◆ Task item ◆
With the pictures left out, output the records below exactly.

◆ Data for this exercise ◆
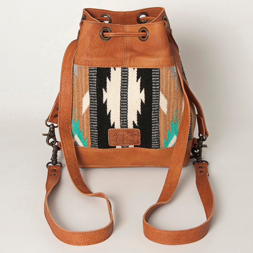 Elevate your Western wardrobe with the charm of this American Darling Leather Bucket Bag, a perfect blend of rustic elegance and modern versatility. Featuring a structured drawstring silhouette, this bag is crafted from rich full-grain leather and adorned with a hand-woven wool saddle blanket in vibrant Southwestern patterns.
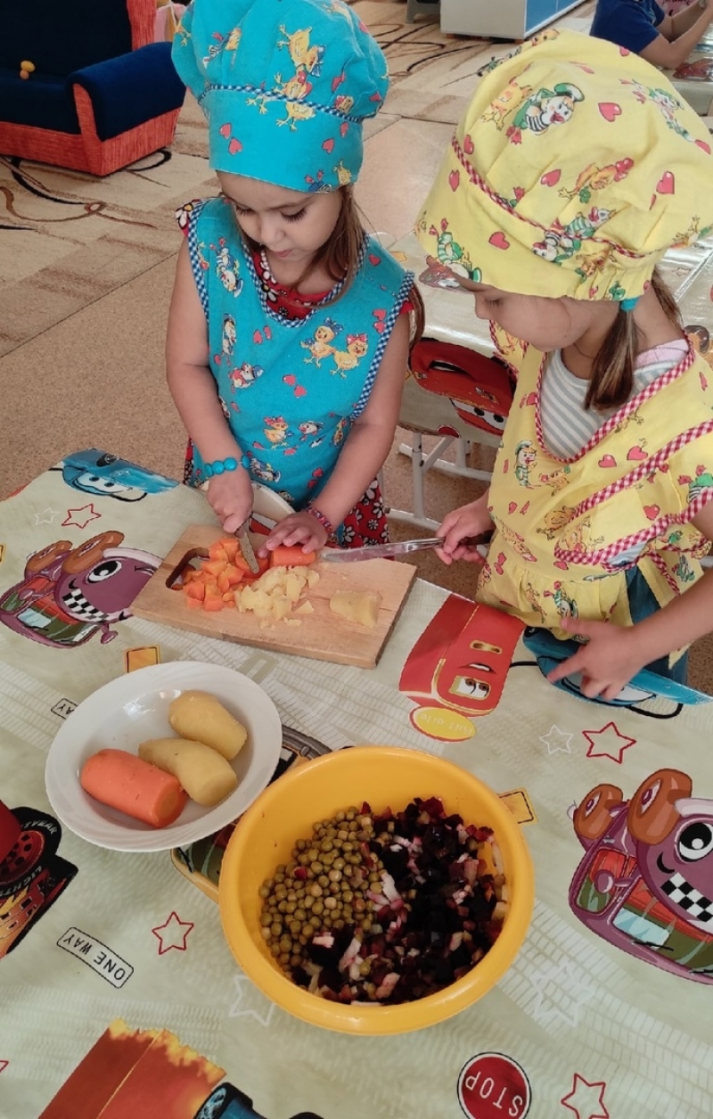 Итогом мероприятием тематической недели было приготовление винегрета. Ведь что может быть для детей лучше, чем приготовить блюдо собственными руками! Ребятам очень понравилось готовить винегрет и они большим удовольствием съели его!
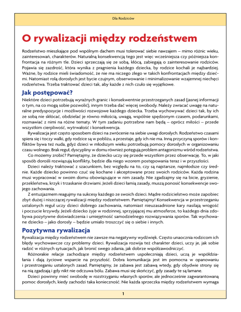 Dla Rodziców O rywalizacji między rodzeństwem Rodzeństwo mieszkające pod wspólnym dachem musi tolerować siebie nawzajem – mimo różnic wieku, zainteresowań, charakterów. Naturalną konsekwencją tego jest więc wcześniejsza czy późniejsza konfrontacja na różnym tle. Dzieci sprzeczają się ze sobą, kłócą, zabiegają o zainteresowanie rodziców. Pojawia się zazdrość, która wynika z pragnienia każdego dziecka, by rodzice kochali je najbardziej. Ważne, by rodzice mieli świadomość, że nie ma niczego złego w takich konfrontacjach między dziećmi. Natomiast rolą dorosłych jest bycie czujnym, obserwowanie i minimalizowanie wzajemnej niechęci rodzeństwa. Trzeba traktować dzieci tak, aby każde z nich czuło się wyjątkowe. Jak postępować? Niektóre dzieci potrzebują wyraźnych granic i konsekwentnie przestrzeganych zasad (jasnej informacji o tym, na co mogą sobie pozwolić), innym trzeba dać więcej swobody. Należy zwracać uwagę na naturalne predyspozycje i możliwości rozwojowe każdego dziecka. Trzeba wychowywać dzieci tak, by ich ze sobą nie skłócać, obdzielać je równo miłością, uwagą, wspólnie spędzonym czasem, podarunkami, rozmawiać z nimi na różne tematy. W tym zadaniu potrzebne nam będą – oprócz miłości – przede wszystkim cierpliwość, wytrwałość i konsekwencja. Rywalizacja jest często sposobem dzieci na zwrócenie na siebie uwagi dorosłych. Rodzeństwo czasami spiera się i toczy walki, gdy rodzice są w pobliżu, a przestaje, gdy ich nie ma. Inną przyczyną sporów i konfliktów bywa też nuda, gdyż dzieci w młodszym wieku potrzebują pomocy dorosłych w organizowaniu czasu wolnego. Brak reguł, dyscypliny w domu również potęgują problem antagonizmu wśród rodzeństwa. Co możemy zrobić? Pamiętajmy, że dziecko uczy się przede wszystkim przez obserwację. To, w jaki sposób dorośli rozwiązują konflikty, będzie dla niego wzorem postępowania teraz i w przyszłości. Dzieci należy traktować z szacunkiem, bez względu na to, czy są najstarsze, najmłodsze czy średnie. Każde dziecko powinno czuć się kochane i akceptowane przez swoich rodziców. Każda rodzina musi wypracować w swoim domu obowiązujące w nim zasady. Nie zgadzajmy się na bicie, gryzienie, przekleństwa, krzyk i trzaskanie drzwiami. Jeżeli dzieci łamią zasady, muszą ponosić konsekwencje swojego zachowania. Z entuzjazmem reagujmy na sukcesy każdego ze swoich dzieci. Mądre rodzicielstwo może zapobiec zbyt dużej i niszczącej rywalizacji między rodzeństwem. Pamiętajmy! Konsekwencja w przestrzeganiu ustalonych reguł uczy dzieci dobrego zachowania, natomiast nieuzasadnione kary nasilają wrogość i poczucie krzywdy. Jeżeli dziecko żyje w rodzinnej, sprzyjającej mu atmosferze, to każdego dnia zdobywa pozytywne doświadczenia i umiejętność samodzielnego rozwiązywania sporów. Tak wychowane dziecko – jako dorosły – będzie umiało troszczyć się o siebie i innych. Pozytywna rywalizacja Rywalizacja między rodzeństwem nie zawsze ma negatywny wydźwięk. Często unaocznia rodzicom ich błędy wychowawcze czy problemy dzieci. Rywalizacja rozwija też charakter dzieci, uczy je, jak sobie radzić w różnych sytuacjach, jak bronić swego zdania, jak dobrze współzawodniczyć. Różnorakie relacje zachodzące między rodzeństwem uspołeczniają dzieci, uczą je współdziałania i dają życiowe wsparcie na przyszłość. Dobra komunikacja jest im pomocna w opanowaniu i przestrzeganiu ustalonych zasad. Pamiętajmy, że zabawa jest zabawą wtedy, gdy obydwie strony się na nią zgadzają i gdy nikt nie odczuwa bólu. Zabawa musi się skończyć, gdy zasady te są łamane. Dzieci powinny mieć swobodę w rozstrzyganiu własnych sporów, ale jednocześnie zagwarantowaną pomoc dorosłych, kiedy zachodzi taka konieczność. Nie każda sprzeczka między rodzeństwem wymaga 1 Dla Rodziców • O rywalizacji między rodzeństwem jednak interwencji dorosłych. Rodzice nie powinni zawsze występować w roli mediatorów. Dlatego należy nauczyć dzieci, jak samodzielnie radzić sobie z konfliktami. Jak uczyć dzieci rozwiązywania konfliktów? Oto kilka wskazówek, które mogą pomóc w rozwiązywaniu konfliktów między rodzeństwem. • Określmy uczucia dzieci, czyli zacznijmy od stwierdzenia, że są na siebie złe. To pomoże im ochłonąć. • Wysłuchajmy spokojnie, co każde dziecko ma do powiedzenia – bądźmy uważnymi słuchaczami, traktujmy problem poważnie. • Dajmy wyraz przekonaniu, że dzieci same potrafią znaleźć rozwiązanie, które zadowoli obie strony konfliktu. • Wyjdźmy, zostawiając dzieci same – potrzebują czasu na ochłonięcie i przemyślenie problemu. • Określmy granice zachowania oraz podkreślmy wyraźnie zasadę, że jedno dziecko nie może bawić się kosztem drugiego. W bardzo trudnych sytuacjach, gdy dzieci są skłonne nawet zrobić sobie krzywdę, możemy im pomóc przez konkretne działania. • Opiszmy sytuację, zwracając się do nich np.: „Widzę bardzo zezłoszczone dzieci, które zaraz zrobią sobie krzywdę”. • Ustalmy granicę, mówiąc np.: „Dobra zabawa kończy się wówczas, gdy są łamane ustalone wcześniej zasady”. • Rozdzielmy dzieci, wypowiadając przy tym zdanie: „Nie możecie być teraz razem, to niebezpieczne, idźcie każde do innego pokoju, musicie ochłonąć”. Dzieci potrzebują dużo uwagi. Najlepszym lekarstwem na powstrzymanie rywalizacji między nimi jest więc częste okazywanie każdemu z nich zainteresowania i potwierdzanie jego wartości. Jeżeli zaproponujecie swoim dzieciom odpowiednie zabawy, wspólne spędzanie czasu, zagwarantujecie konsekwencję w przestrzeganiu ustalonych reguł, ich potrzeby będą zaspokajane. Zrozumieją, że ich rodzeństwo również potrzebuje uwagi, i nie będą zazdrosne o uwagę rodziców. Problemy między rodzeństwem pojawiają się wtedy, gdy któreś z dzieci jest traktowane w domu w
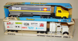 #949 - (2x) 1/25th scale Trucks--Peterbilt Farm Store Semi & IH S-Series Shell Tanker
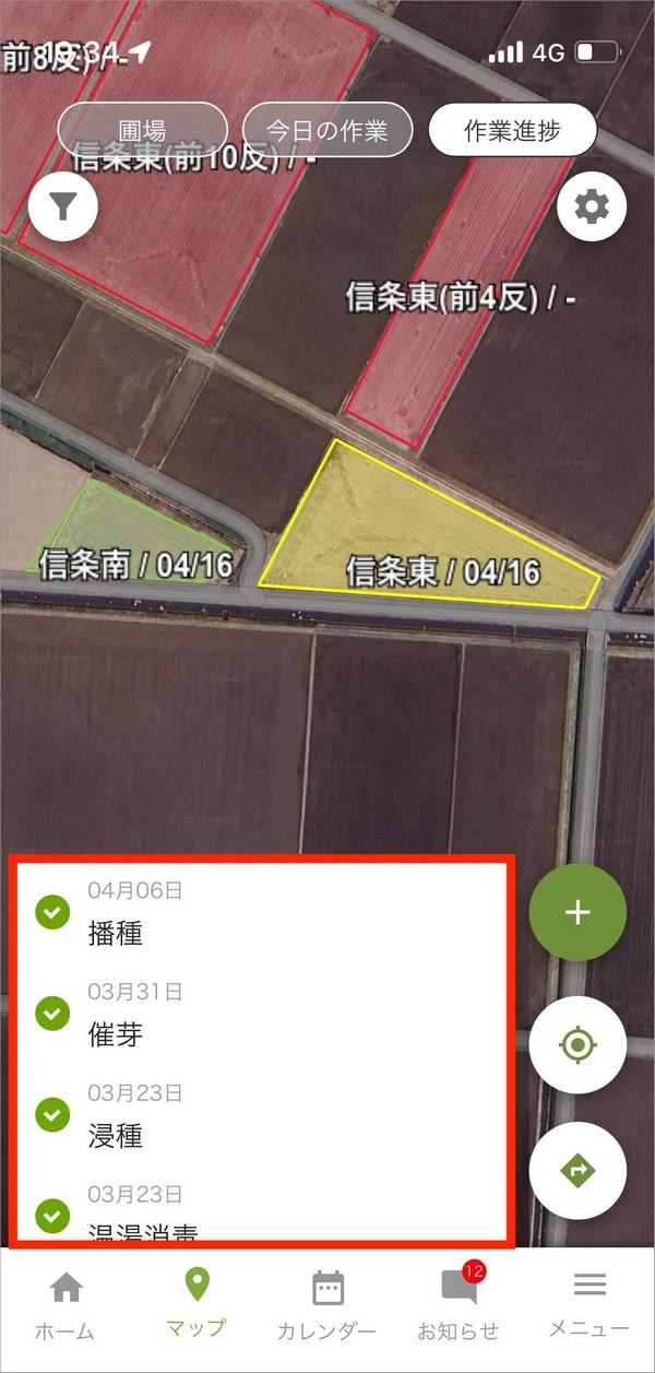 なお、アグリノートで作業進捗機能をご利用いただくには、あらかじめ農場で管理している「圃場」の設定と栽培する作物や品種を登録する「作付」の設定をした上で、日々の作業記録を作成する必要があります。各項目の設定・記録の作成方法は以下の記事をご覧ください。

◆ Result for this exercise ◆
 Elevate your Western wardrobe with the charm of this American Darling Leather Bucket Bag, a perfect blend of rustic elegance and modern versatility. Featuring a structured drawstring silhouette, this bag is crafted from rich full-grain leather and adorned with a hand-woven wool saddle blanket in vibrant Southwestern patterns.
 Итогом мероприятием тематической недели было приготовление винегрета. Ведь что может быть для детей лучше, чем приготовить блюдо собственными руками! Ребятам очень понравилось готовить винегрет и они большим удовольствием съели его!
 Dla Rodziców O rywalizacji między rodzeństwem Rodzeństwo mieszkające pod wspólnym dachem musi tolerować siebie nawzajem – mimo różnic wieku, zainteresowań, charakterów. Naturalną konsekwencją tego jest więc wcześniejsza czy późniejsza konfrontacja na różnym tle. Dzieci sprzeczają się ze sobą, kłócą, zabiegają o zainteresowanie rodziców. Pojawia się zazdrość, która wynika z pragnienia każdego dziecka, by rodzice kochali je najbardziej. Ważne, by rodzice mieli świadomość, że nie ma niczego złego w takich konfrontacjach między dziećmi. Natomiast rolą dorosłych jest bycie czujnym, obserwowanie i minimalizowanie wzajemnej niechęci rodzeństwa. Trzeba traktować dzieci tak, aby każde z nich czuło się wyjątkowe. Jak postępować? Niektóre dzieci potrzebują wyraźnych granic i konsekwentnie przestrzeganych zasad (jasnej informacji o tym, na co mogą sobie pozwolić), innym trzeba dać więcej swobody. Należy zwracać uwagę na naturalne predyspozycje i możliwości rozwojowe każdego dziecka. Trzeba wychowywać dzieci tak, by ich ze sobą nie skłócać, obdzielać je równo miłością, uwagą, wspólnie spędzonym czasem, podarunkami, rozmawiać z nimi na różne tematy. W tym zadaniu potrzebne nam będą – oprócz miłości – przede wszystkim cierpliwość, wytrwałość i konsekwencja. Rywalizacja jest często sposobem dzieci na zwrócenie na siebie uwagi dorosłych. Rodzeństwo czasami spiera się i toczy walki, gdy rodzice są w pobliżu, a przestaje, gdy ich nie ma. Inną przyczyną sporów i konfliktów bywa też nuda, gdyż dzieci w młodszym wieku potrzebują pomocy dorosłych w organizowaniu czasu wolnego. Brak reguł, dyscypliny w domu również potęgują problem antagonizmu wśród rodzeństwa. Co możemy zrobić? Pamiętajmy, że dziecko uczy się przede wszystkim przez obserwację. To, w jaki sposób dorośli rozwiązują konflikty, będzie dla niego wzorem postępowania teraz i w przyszłości. Dzieci należy traktować z szacunkiem, bez względu na to, czy są najstarsze, najmłodsze czy średnie. Każde dziecko powinno czuć się kochane i akceptowane przez swoich rodziców. Każda rodzina musi wypracować w swoim domu obowiązujące w nim zasady. Nie zgadzajmy się na bicie, gryzienie, przekleństwa, krzyk i trzaskanie drzwiami. Jeżeli dzieci łamią zasady, muszą ponosić konsekwencje swojego zachowania. Z entuzjazmem reagujmy na sukcesy każdego ze swoich dzieci. Mądre rodzicielstwo może zapobiec zbyt dużej i niszczącej rywalizacji między rodzeństwem. Pamiętajmy! Konsekwencja w przestrzeganiu ustalonych reguł uczy dzieci dobrego zachowania, natomiast nieuzasadnione kary nasilają wrogość i poczucie krzywdy. Jeżeli dziecko żyje w rodzinnej, sprzyjającej mu atmosferze, to każdego dnia zdobywa pozytywne doświadczenia i umiejętność samodzielnego rozwiązywania sporów. Tak wychowane dziecko – jako dorosły – będzie umiało troszczyć się o siebie i innych. Pozytywna rywalizacja Rywalizacja między rodzeństwem nie zawsze ma negatywny wydźwięk. Często unaocznia rodzicom ich błędy wychowawcze czy problemy dzieci. Rywalizacja rozwija też charakter dzieci, uczy je, jak sobie radzić w różnych sytuacjach, jak bronić swego zdania, jak dobrze współzawodniczyć. Różnorakie relacje zachodzące między rodzeństwem uspołeczniają dzieci, uczą je współdziałania i dają życiowe wsparcie na przyszłość. Dobra komunikacja jest im pomocna w opanowaniu i przestrzeganiu ustalonych zasad. Pamiętajmy, że zabawa jest zabawą wtedy, gdy obydwie strony się na nią zgadzają i gdy nikt nie odczuwa bólu. Zabawa musi się skończyć, gdy zasady te są łamane. Dzieci powinny mieć swobodę w rozstrzyganiu własnych sporów, ale jednocześnie zagwarantowaną pomoc dorosłych, kiedy zachodzi taka konieczność. Nie każda sprzeczka między rodzeństwem wymaga 1 Dla Rodziców • O rywalizacji między rodzeństwem jednak interwencji dorosłych. Rodzice nie powinni zawsze występować w roli mediatorów. Dlatego należy nauczyć dzieci, jak samodzielnie radzić sobie z konfliktami. Jak uczyć dzieci rozwiązywania konfliktów? Oto kilka wskazówek, które mogą pomóc w rozwiązywaniu konfliktów między rodzeństwem. • Określmy uczucia dzieci, czyli zacznijmy od stwierdzenia, że są na siebie złe. To pomoże im ochłonąć. • Wysłuchajmy spokojnie, co każde dziecko ma do powiedzenia – bądźmy uważnymi słuchaczami, traktujmy problem poważnie. • Dajmy wyraz przekonaniu, że dzieci same potrafią znaleźć rozwiązanie, które zadowoli obie strony konfliktu. • Wyjdźmy, zostawiając dzieci same – potrzebują czasu na ochłonięcie i przemyślenie problemu. • Określmy granice zachowania oraz podkreślmy wyraźnie zasadę, że jedno dziecko nie może bawić się kosztem drugiego. W bardzo trudnych sytuacjach, gdy dzieci są skłonne nawet zrobić sobie krzywdę, możemy im pomóc przez konkretne działania. • Opiszmy sytuację, zwracając się do nich np.: „Widzę bardzo zezłoszczone dzieci, które zaraz zrobią sobie krzywdę”. • Ustalmy granicę, mówiąc np.: „Dobra zabawa kończy się wówczas, gdy są łamane ustalone wcześniej zasady”. • Rozdzielmy dzieci, wypowiadając przy tym zdanie: „Nie możecie być teraz razem, to niebezpieczne, idźcie każde do innego pokoju, musicie ochłonąć”. Dzieci potrzebują dużo uwagi. Najlepszym lekarstwem na powstrzymanie rywalizacji między nimi jest więc częste okazywanie każdemu z nich zainteresowania i potwierdzanie jego wartości. Jeżeli zaproponujecie swoim dzieciom odpowiednie zabawy, wspólne spędzanie czasu, zagwarantujecie konsekwencję w przestrzeganiu ustalonych reguł, ich potrzeby będą zaspokajane. Zrozumieją, że ich rodzeństwo również potrzebuje uwagi, i nie będą zazdrosne o uwagę rodziców. Problemy między rodzeństwem pojawiają się wtedy, gdy któreś z dzieci jest traktowane w domu w
 #949 - (2x) 1/25th scale Trucks--Peterbilt Farm Store Semi & IH S-Series Shell Tanker
 なお、アグリノートで作業進捗機能をご利用いただくには、あらかじめ農場で管理している「圃場」の設定と栽培する作物や品種を登録する「作付」の設定をした上で、日々の作業記録を作成する必要があります。各項目の設定・記録の作成方法は以下の記事をご覧ください。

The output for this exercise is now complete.